Furikake Corner

#47 - The Little Things that Matter - 15/03/2026

I havent updated this blog in a bit. Truthfully I've just been kinda...surviving. And I haven't been feeling that great to begin with. Seasonal changes bring seasonal depression and unfortunately, the transition between winter to spring has it's own challenges. The coldest, most crippling taste of winter has been here to bite me in the ass and wear me thin, but I'm survivng.
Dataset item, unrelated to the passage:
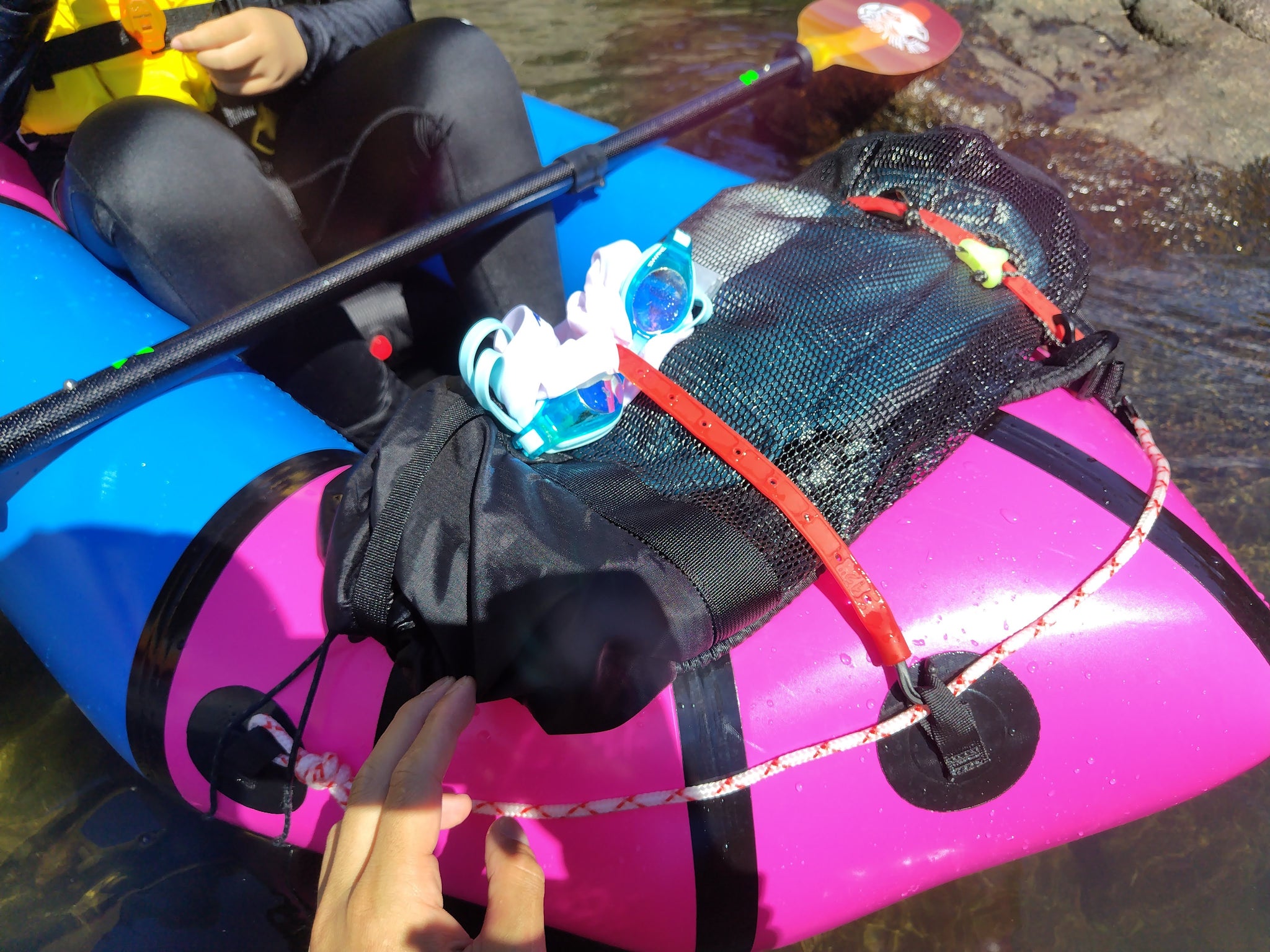 バックレストなど、舟の内側には掴めるものがありますが、パックラフト本体のチューブが太いので、いきなり水面から中を掴むのは意外と大変です。

And at the end of the day, isnt that what really matters?

I don't wanna really say too much in this blogpost, but there's something I do want to emphasise. To the people that have been supporting me, love me, want me to be okay, I deeply value you. And especially my partners and close compatriots, you mean the absolute world to me. To know that theres good people within my orbit is absolutely everything, it fills me up with a kind of hope that brushes away the existential dread of living in a post-covid world. It paints the dreary at-times world we live in with an array of colour, giving it soul. For me, it's the rainbow and more. I know i'm waxing poetic, but I just...feel happy. For the first time in a bit i'd say. I'm going to continue to survive, im going to continue to function, and I will absolutely lock in on life. I want to make changes for myself. I will enact those changes.

My life matters. Always has and always will. No amount of depressive time will prevent me from seeing that I am loved, people care, and that while the world is a scary fucking place, there are people who have always cared and will stick their necks out for me, and I will honour them the same.